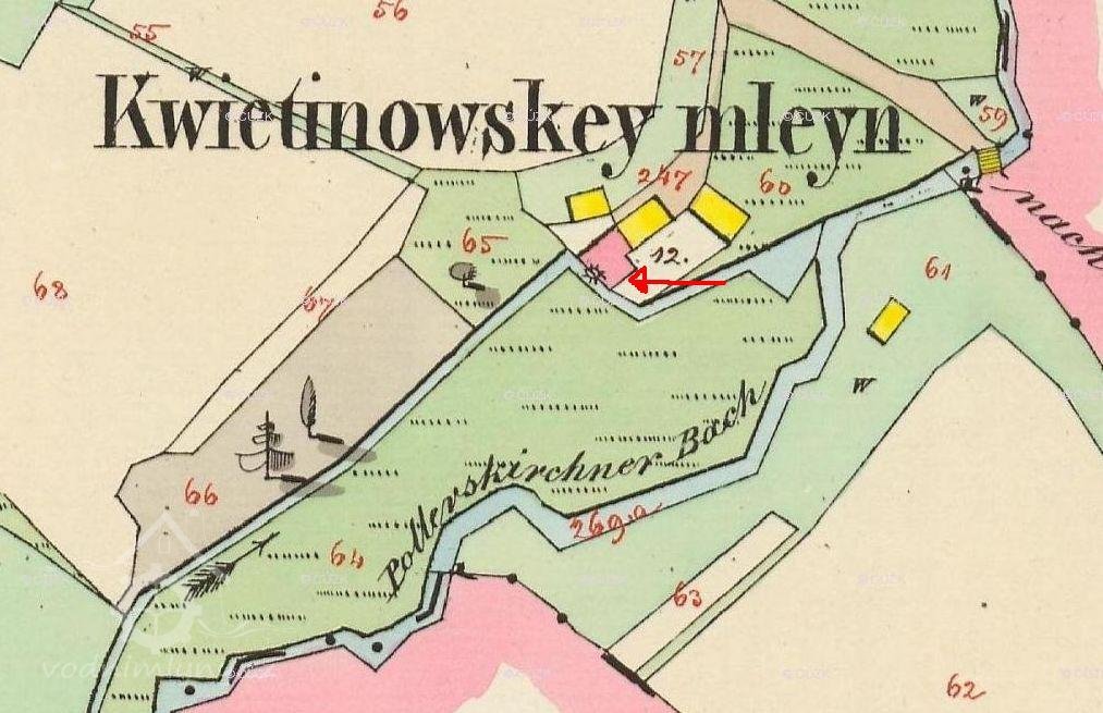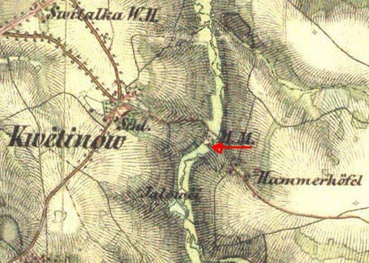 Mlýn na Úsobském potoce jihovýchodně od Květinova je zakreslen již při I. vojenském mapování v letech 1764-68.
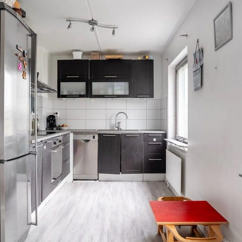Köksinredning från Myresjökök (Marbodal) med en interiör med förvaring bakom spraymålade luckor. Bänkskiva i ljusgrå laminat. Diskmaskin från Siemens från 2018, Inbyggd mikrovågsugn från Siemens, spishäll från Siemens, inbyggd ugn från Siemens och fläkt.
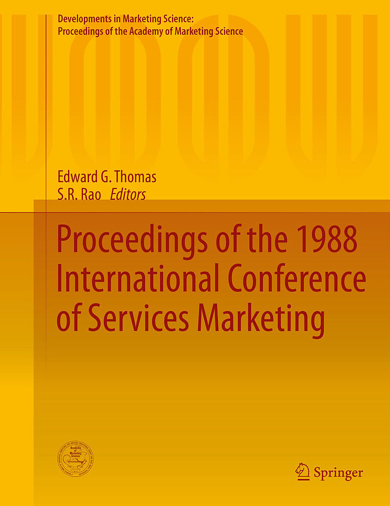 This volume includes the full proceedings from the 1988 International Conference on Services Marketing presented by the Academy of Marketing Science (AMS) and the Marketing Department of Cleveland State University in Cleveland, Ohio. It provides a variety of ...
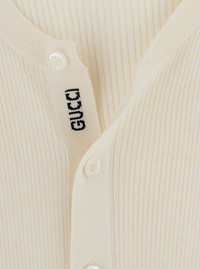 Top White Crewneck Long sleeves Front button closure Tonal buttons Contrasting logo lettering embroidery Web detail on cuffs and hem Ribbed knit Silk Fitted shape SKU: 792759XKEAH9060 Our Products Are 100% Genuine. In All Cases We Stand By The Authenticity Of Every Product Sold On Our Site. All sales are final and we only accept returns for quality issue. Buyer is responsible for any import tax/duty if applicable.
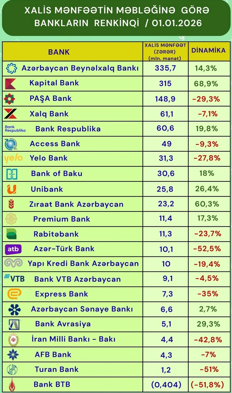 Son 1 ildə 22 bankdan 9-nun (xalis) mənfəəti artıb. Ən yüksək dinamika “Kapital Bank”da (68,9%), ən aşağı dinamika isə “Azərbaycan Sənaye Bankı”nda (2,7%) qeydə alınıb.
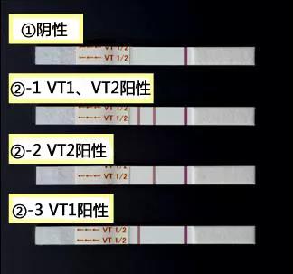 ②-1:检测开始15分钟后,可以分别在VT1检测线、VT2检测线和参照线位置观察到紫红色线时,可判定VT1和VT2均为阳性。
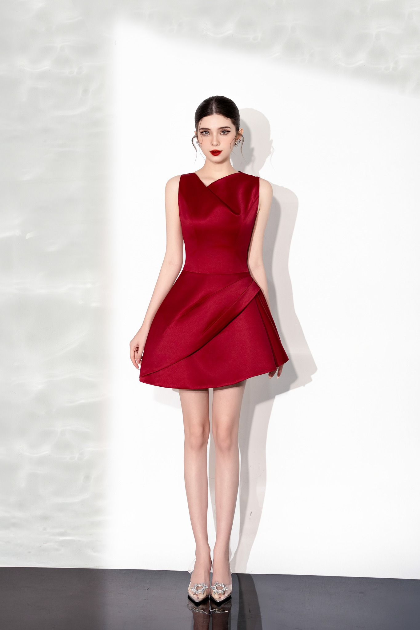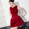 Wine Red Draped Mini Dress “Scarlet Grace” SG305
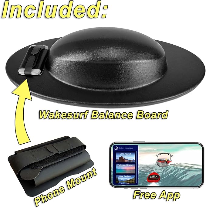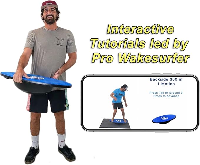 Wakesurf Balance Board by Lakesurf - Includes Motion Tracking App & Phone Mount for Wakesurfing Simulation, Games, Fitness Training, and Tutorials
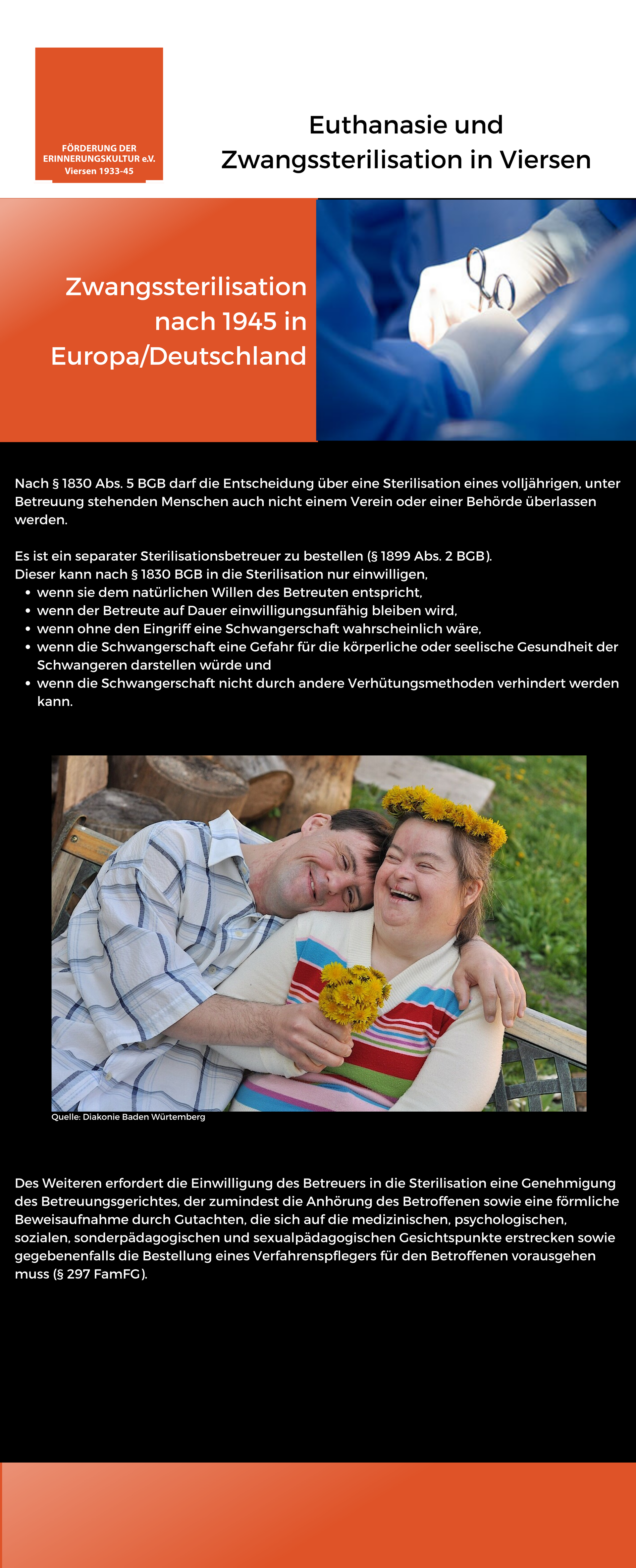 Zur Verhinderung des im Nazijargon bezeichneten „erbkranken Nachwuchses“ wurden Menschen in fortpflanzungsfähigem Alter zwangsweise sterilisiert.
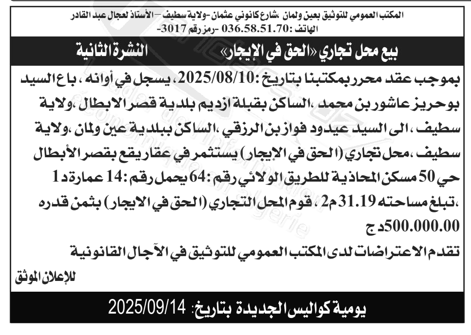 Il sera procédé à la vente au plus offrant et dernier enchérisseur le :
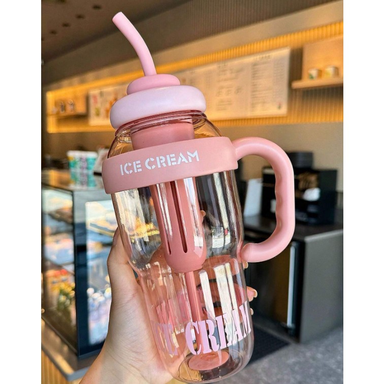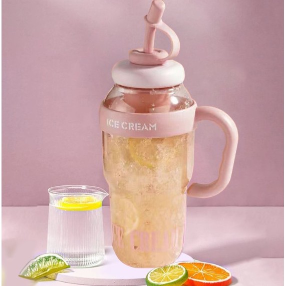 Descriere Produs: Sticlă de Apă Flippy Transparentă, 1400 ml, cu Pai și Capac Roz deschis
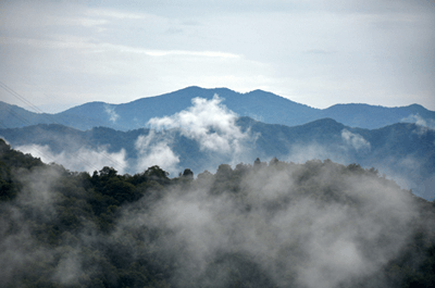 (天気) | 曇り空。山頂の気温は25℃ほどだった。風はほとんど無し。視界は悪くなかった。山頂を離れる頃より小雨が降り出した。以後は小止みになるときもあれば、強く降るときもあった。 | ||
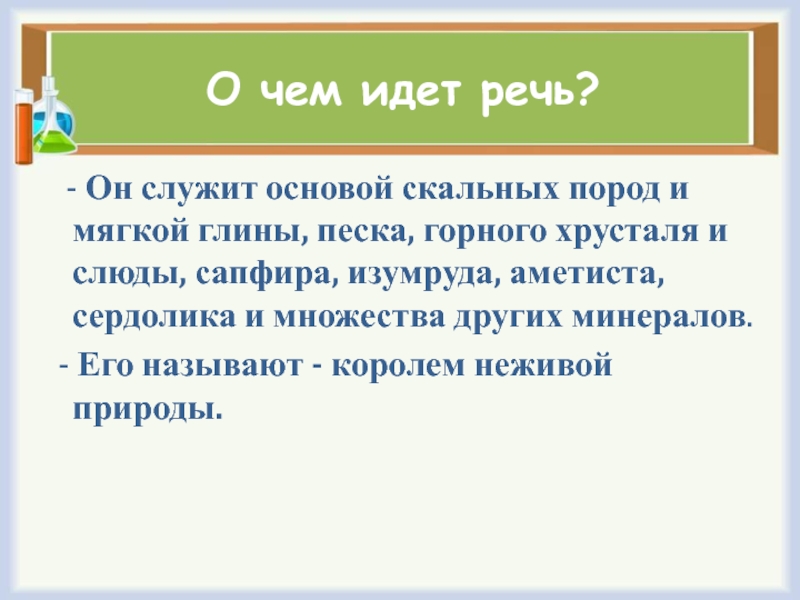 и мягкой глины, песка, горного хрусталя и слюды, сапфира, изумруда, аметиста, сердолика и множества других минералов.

==

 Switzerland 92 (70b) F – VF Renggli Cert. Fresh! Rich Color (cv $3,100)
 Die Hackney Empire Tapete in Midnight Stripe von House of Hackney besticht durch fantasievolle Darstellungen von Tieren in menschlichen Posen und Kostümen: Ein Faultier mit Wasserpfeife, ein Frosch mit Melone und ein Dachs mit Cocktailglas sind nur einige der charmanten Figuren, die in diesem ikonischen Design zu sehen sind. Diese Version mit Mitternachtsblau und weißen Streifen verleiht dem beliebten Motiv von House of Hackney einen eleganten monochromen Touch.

--

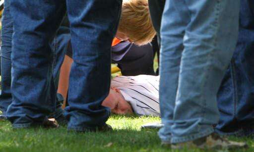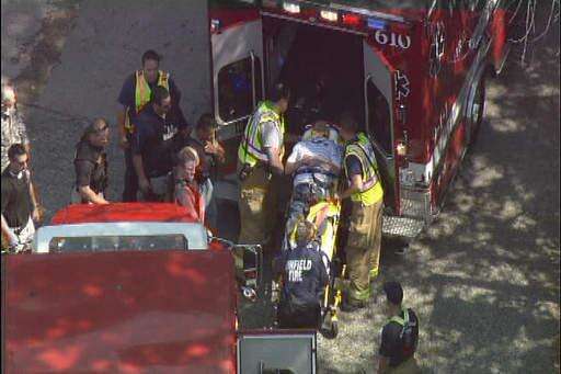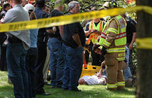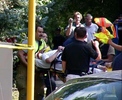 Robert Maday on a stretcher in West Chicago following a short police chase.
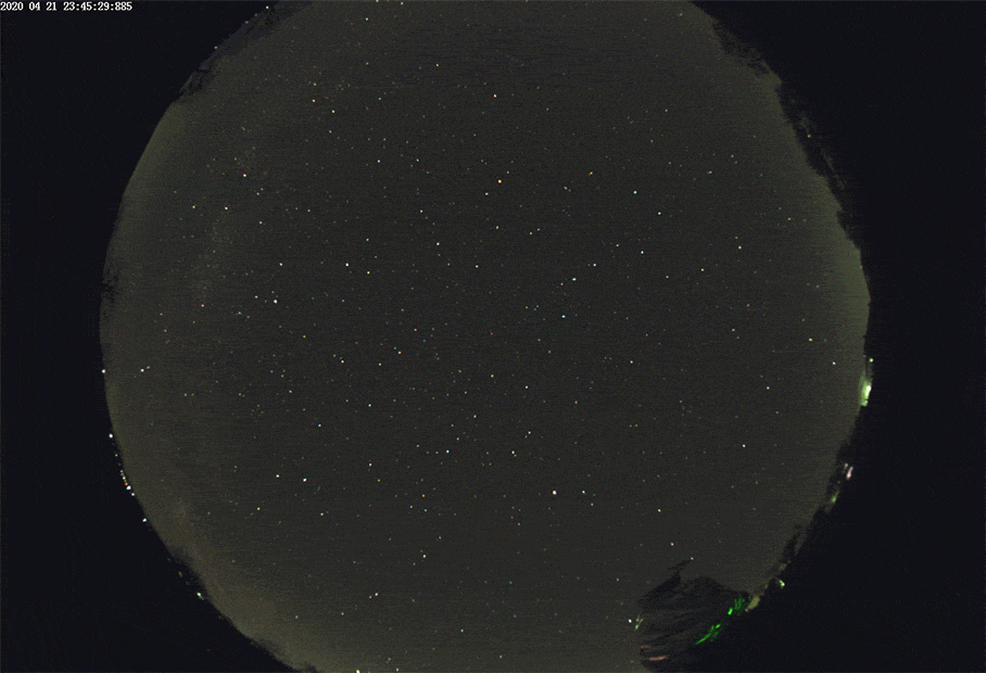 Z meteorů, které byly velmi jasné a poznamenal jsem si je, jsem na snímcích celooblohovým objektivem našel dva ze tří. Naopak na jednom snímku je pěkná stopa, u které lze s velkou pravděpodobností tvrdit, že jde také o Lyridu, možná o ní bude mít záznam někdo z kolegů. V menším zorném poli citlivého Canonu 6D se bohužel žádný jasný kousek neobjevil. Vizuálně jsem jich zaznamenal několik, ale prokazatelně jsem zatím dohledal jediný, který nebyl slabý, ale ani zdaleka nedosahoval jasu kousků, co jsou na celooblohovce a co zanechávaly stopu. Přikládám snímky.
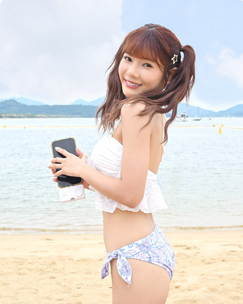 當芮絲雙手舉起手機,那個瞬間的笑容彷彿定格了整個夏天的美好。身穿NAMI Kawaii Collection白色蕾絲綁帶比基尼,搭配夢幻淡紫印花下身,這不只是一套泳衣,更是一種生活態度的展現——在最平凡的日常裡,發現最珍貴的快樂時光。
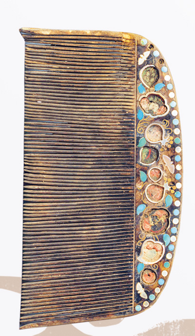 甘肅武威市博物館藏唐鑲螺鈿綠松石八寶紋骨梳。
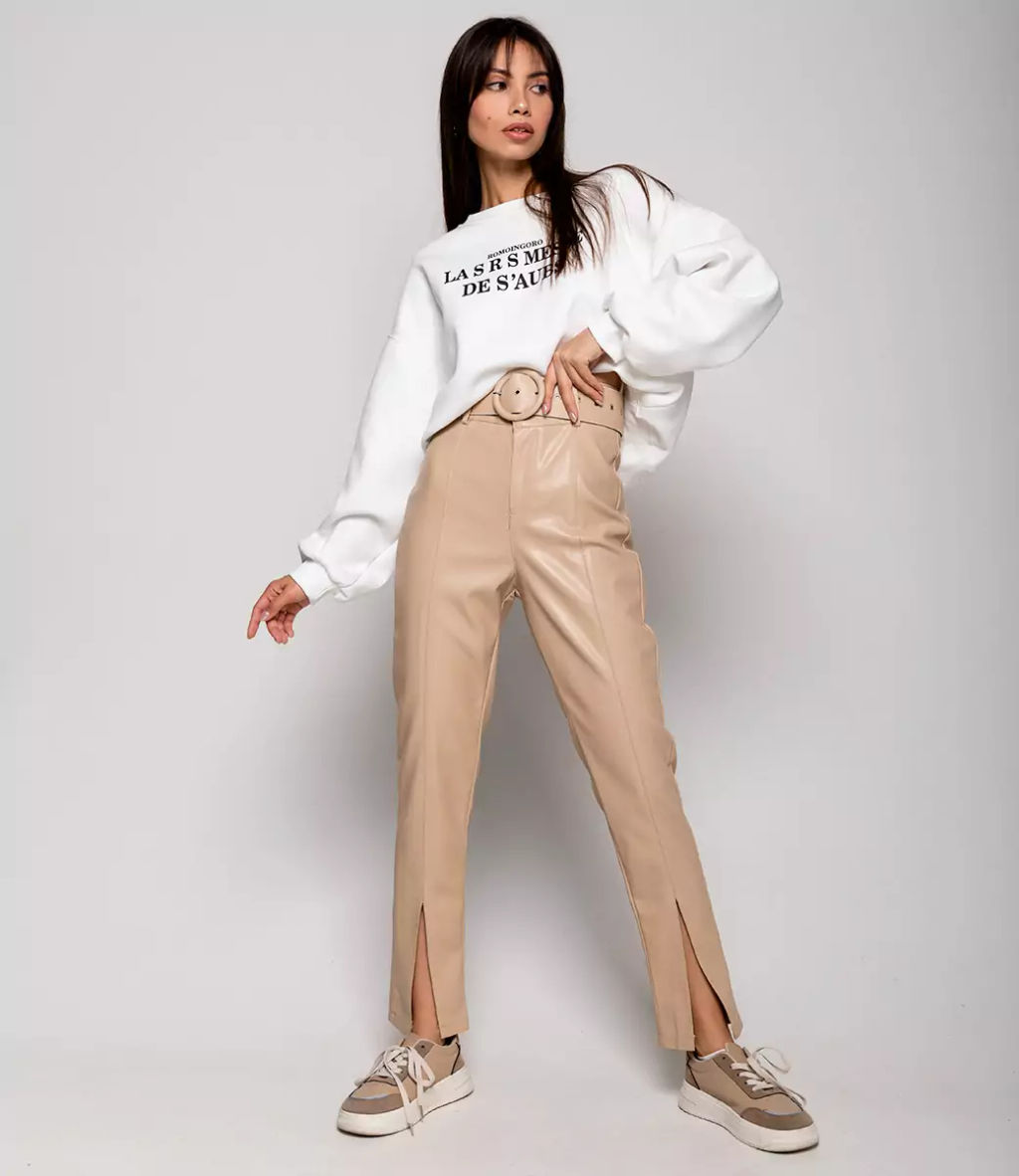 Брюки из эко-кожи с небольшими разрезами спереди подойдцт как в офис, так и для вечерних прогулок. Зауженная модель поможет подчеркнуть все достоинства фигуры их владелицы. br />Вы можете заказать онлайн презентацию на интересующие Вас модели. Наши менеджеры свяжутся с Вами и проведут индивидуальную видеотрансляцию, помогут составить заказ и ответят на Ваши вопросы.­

(TO DO) Quote the data above exactly from the line with "Mlýn na Úsobském" to the line with "Köksinredning från Myresjökök", both ends counted, and nothing else. Pictures don't go in.

(EXPECTED ANSWER)
 Mlýn na Úsobském potoce jihovýchodně od Květinova je zakreslen již při I. vojenském mapování v letech 1764-68.
Köksinredning från Myresjökök (Marbodal) med en interiör med förvaring bakom spraymålade luckor. Bänkskiva i ljusgrå laminat. Diskmaskin från Siemens från 2018, Inbyggd mikrovågsugn från Siemens, spishäll från Siemens, inbyggd ugn från Siemens och fläkt.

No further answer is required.